The US Supreme Court first reviewed the federal laws governing the manufacture and distribution of generic drugs. Under the Drug Price Competition and Patent Term Restoration Act of 1984 (Hatch-Waxman Act), a generic drug may be approved without the same level of testing as a new brand-name drug if it is identical to an already approved brand-name drug in certain ways. The generic must contain the same active ingredients and take the same route of administration, dosage form and strength. The generic must also have the same rate and extent of absorption as the brand-name drug. Finally, the labeling for the generic drug must be the same as the labeling approved for the brand-name drug. Once a drug is approved, the manufacturer may not make any major changes to the formulation of or label for the drug.

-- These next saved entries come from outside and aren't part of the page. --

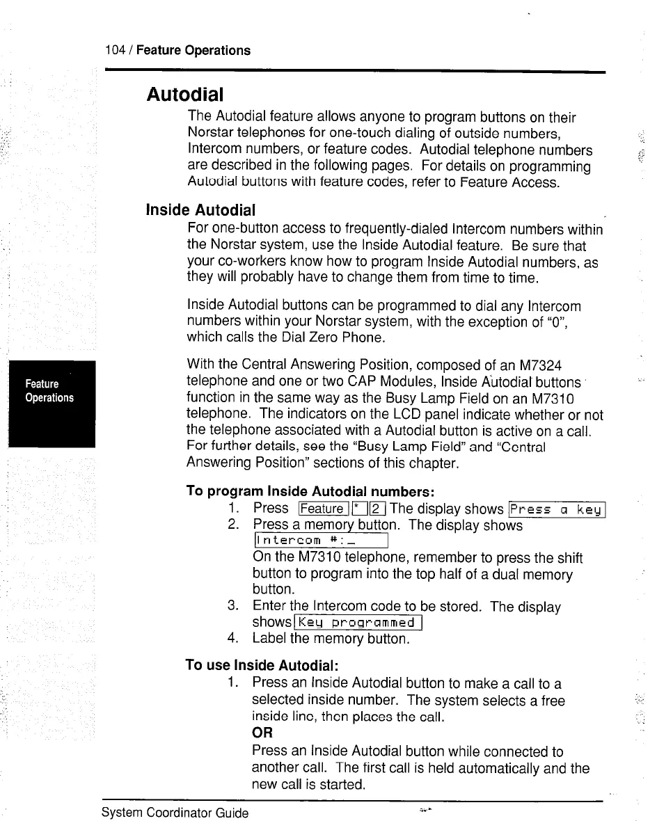 the Norstar system, use the Inside Autodial feature. Be sure that
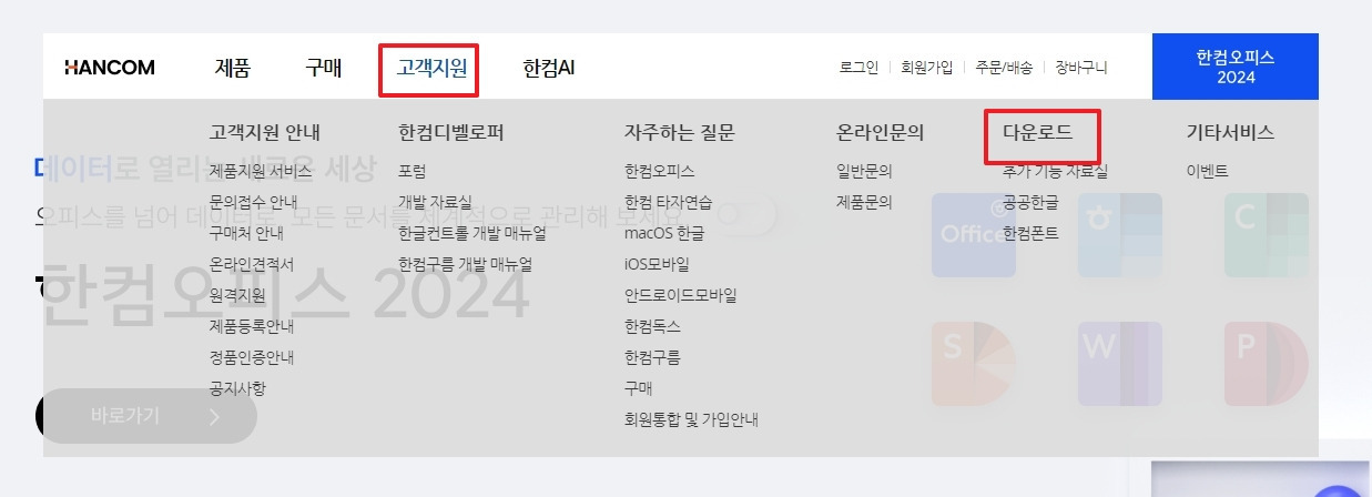 1. 한글과컴퓨터 공식 홈페이지에 접속합니다. 이곳에서는 한컴오피스뿐만 아니라 다양한 소프트웨어 제품과 서비스도 함께 제공됩니다. 다운로드 페이지로 이동하려면 상단 메뉴에서 고객지원을 찾은 후, 다운로드 섹션을 클릭하세요.
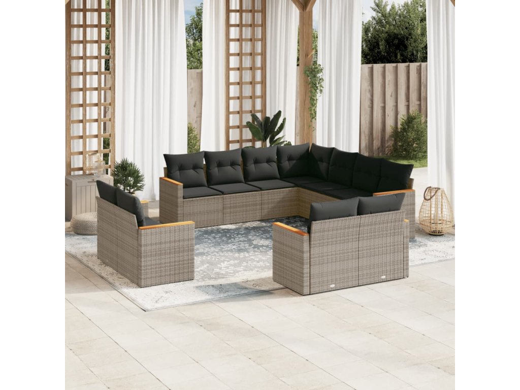 11dílná zahradní sedací souprava s poduškami šedá polyratan 3226501
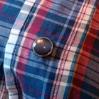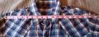 Nice vintage blue with red plaid Levi's short sleeve shirt. It has pretty blue pearlized buttons and yokes on the front and back. It's very lightweight, soft fabric and easy care. The care instructions have been washed away, but I machine washed and put in the dryer, and it did fine. It also looks good without ironing. The size is also missing. Please see the measurements in the photos. I believe it to be a vintage Large but more of a modern medium. Again, please see photos as the size is gone.
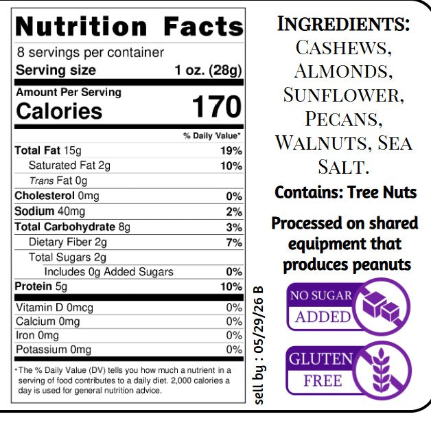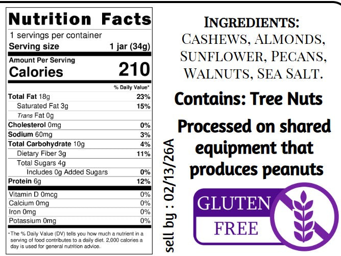 Nut'n but Nuts contains the best blend of nuts...cashews, almonds, sunflower seeds, pecans and walnuts🥜. How can that not be delicious?!? It is awesome on sandwiches, on fruit, in smoothies....anything you can think of! This is a raw and roasted nutbutter blend.
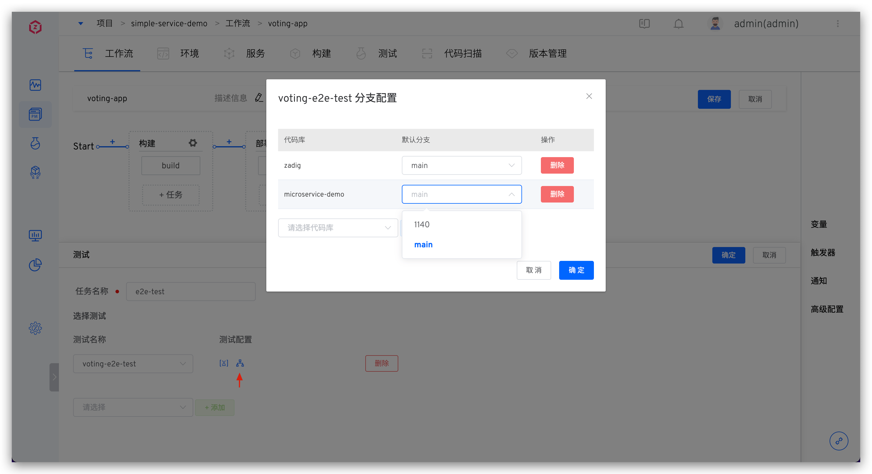 选择具体的测试配置后,可对测试配置中的代码库默认分支和变量进行设置,按需开启共享存储,参考:
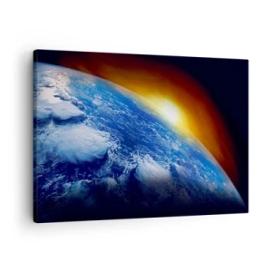 Impression sur toile - Image sur toile - Vue de la Terre depuis l'espace au coucher du soleil - 70x50cm - Lever de soleil sur la planète bleue - Décoration murale moderne pour le salon et la chambre ARTTOR

The Supreme Court then considered the duties imposed on a drug manufacturer by New Hampshire's common law claim for design defect. New Hampshire law requires manufacturers to ensure that their products are not "unreasonably dangerous." To determine whether a product is "unreasonably dangerous," New Hampshire courts weigh the magnitude of the danger of using the product against its utility. To increase the likelihood that its product will not be considered unreasonably dangerous, a manufacturer can take steps to reduce the danger of the product or increase its utility. When a drug is the product at issue, the drug would have to be redesigned to reduce its danger or increase its utility. New Hampshire courts also consider the presence and efficacy of warnings to avoid an unreasonable risk of harm from hidden dangers or foreseeable uses.

Finally, the Supreme Court compared the duties imposed by federal regulation and state common law. It determined that there was no way that a drug manufacturer could comply with both sets of requirements. Federal law prevented the redesigning of a drug that has already been approved. Federal law also prevented alterations to the labeling of the drug. Because federal law forbade actions that the state law required, the state law was "without effect."

The Supreme Court rejected the First Circuit's suggestion that a manufacturer in the petitioner's position had the option to stop selling the product at issue because it was inconsistent with the court's ruling in previous impossibility preemption cases. In any of those prior disputes, the conflict between duties imposed by state and federal law could have been avoided if the regulated actor simply stopped acting.

Where federal regulations make it impossible for a regulated actor to comply with state laws, the state laws may be "without effect," or preempted on the basis of impossibility.